In a much-publicized article in the Lancet, David Stuckler, Lawrence King, and Martin McKee offered a particular version of this thesis: that mass privatization of formerly state owned enterprises led to increased unemployment, which in turn contributed to social stress (not directly observed) and thus mortality. "Mass Murder and the Market," trumpeted the Economist. Post-Soviet reformers and their foreign enablers were guilty not just of economic mismanagement but of manslaughter.

Or were they? Here's a little secret: medical journals are better equipped to handle randomized control trials than they are observational studies using country-level aggregates. What Stuckler, King, and McKee did made superficial sense--regressions on a country panel with two-way fixed effects--but as John Earle and I subsequently showed (in a letter to the Lancet, and then in this full paper), the Lancet study was a classic case of failing to check for differences in pre-existing trends. The estimated effect of mortality is substantially attenuated if one corrects for these differences. And it disappears entirely if we assume that it takes at least a year after privatization for men to lose their jobs, become unhealthy, and die.

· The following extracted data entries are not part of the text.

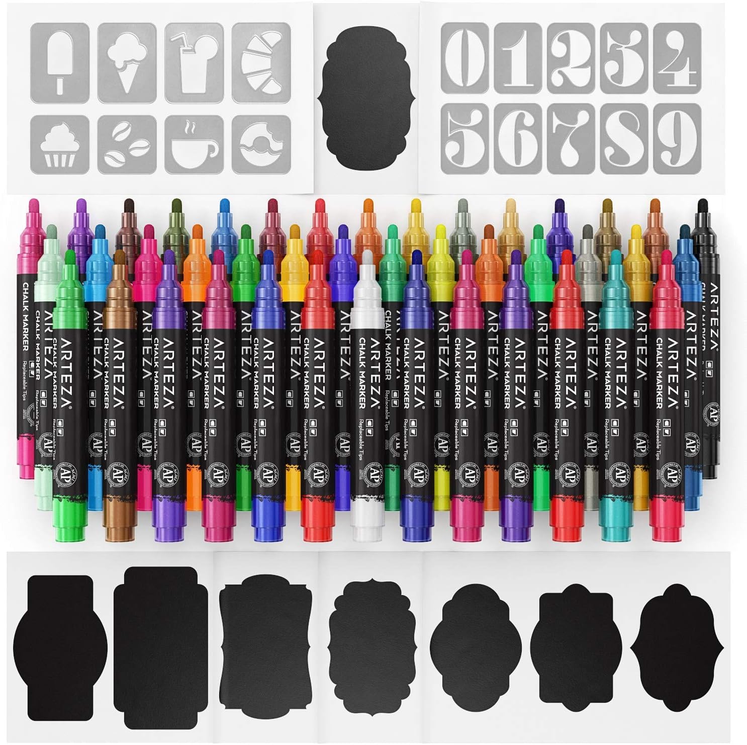 ARTEZA Liquid Chalk Markers, 42 Colors Pack with 50 Chalkboard Labels, Fine Tip Chalk Pens for Blackboard, Whiteboard, Windows, Mirrors, Glass
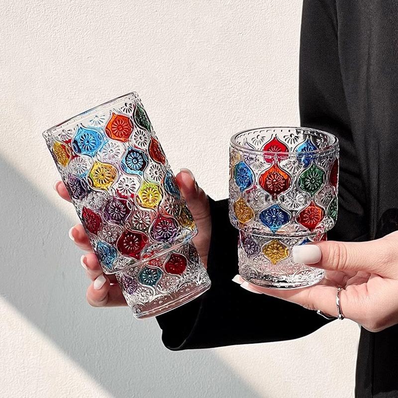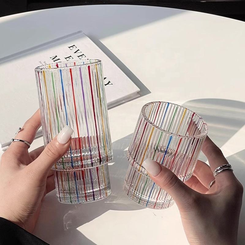 Creativo colorido rayado girasol en relieve vidrio Murano beber jugo taza vaso apilable diamante whisky vidrio
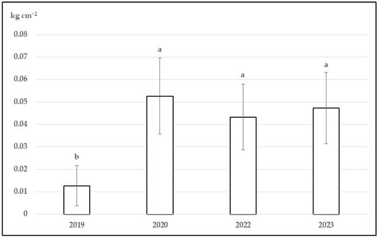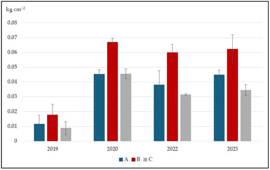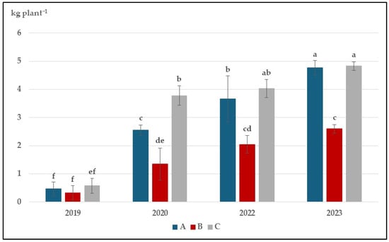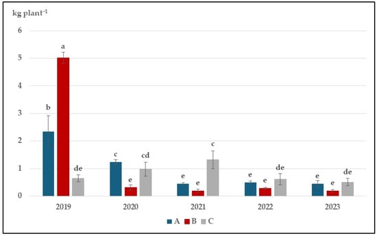 Amount of pruned wood per year during the five research years (treatment A: regular four-stemmed shrub; treatment B: single-trunk sapling form; treatment C: multi-stemmed shrub). Data are represented as mean values ± standard deviation. Different lowercase letters on the columns indicate significant differences in the interaction between treatment and year (Fisher’s test, p ≤ 0.01).

But let's take a step back: Is it even true that mass privatization resulted in increased unemployment? Not according to the best available estimates. In three of the four postcommunist countries studied by David Brown, John Earle, and Álmos Telegdy, privatization increased productivity, which holding output constant reduces employment--but it similarly increased output, implying no net effect on employment. (Liberalization, not privatization, was responsible for the output collapse, but that's another story.) In Russia, in contrast, privatization initially decreased both productivity and output, but again with no net effect on employment.

Anyway, we can do better than cross-country analysis. In Russia, as John and I showed, some regions pursued mass privatization more aggressively than others--and the extent of privatization is uncorrelated with changes in mortality among working-age men. Nor do we see any pattern if we disaggregate mortality by cause of death. I could go on. If you're interested, check out the complete exchange in the Lancet, which also includes a strong critique of the privatization thesis by Christopher Gerry, Tomasz Mickiewicz, and Zlatko Nikoloski.

So, if not mass privatization, what does account for the mortality spike among working-age men in some postcommunist countries during the early 1990s? Many of these men were drinking themselves to death, so it is reasonable to ask what was happening to alcohol markets during this period. Remember Gorbachev's anti-alcohol campaign? That saved a lot of lives in the short run. But when effective prohibition ended,1 some of the men who would have otherwise died five years earlier died then. That catch-up presents itself as a mortality spike. And here's the kicker: The spike is less pronounced in ex-Soviet republics with large Muslim populations--anti-alcohol campaigns are less consequential for public health where people are less likely to drink to begin with. Jay Bhattacharya, Christina Gathmann, and Grant Miller have a nice paper that demonstrates this. Meanwhile, price regulation in a context of general hyperinflation resulted in a dramatic fall in the relative price of alcohol. Daniel Treisman shows that variation across regions in the extent of this drop does much to explain variation in mortality.

What's the moral of this story? In postcommunist countries, there was no simple mapping from economic output to health outcomes. Nor would I expect one in the current crisis. With the economy disrupted in massive and differential ways, the impact on health is hard to pin down. Scholars will be working for years to understand life and death during the COVID pandemic.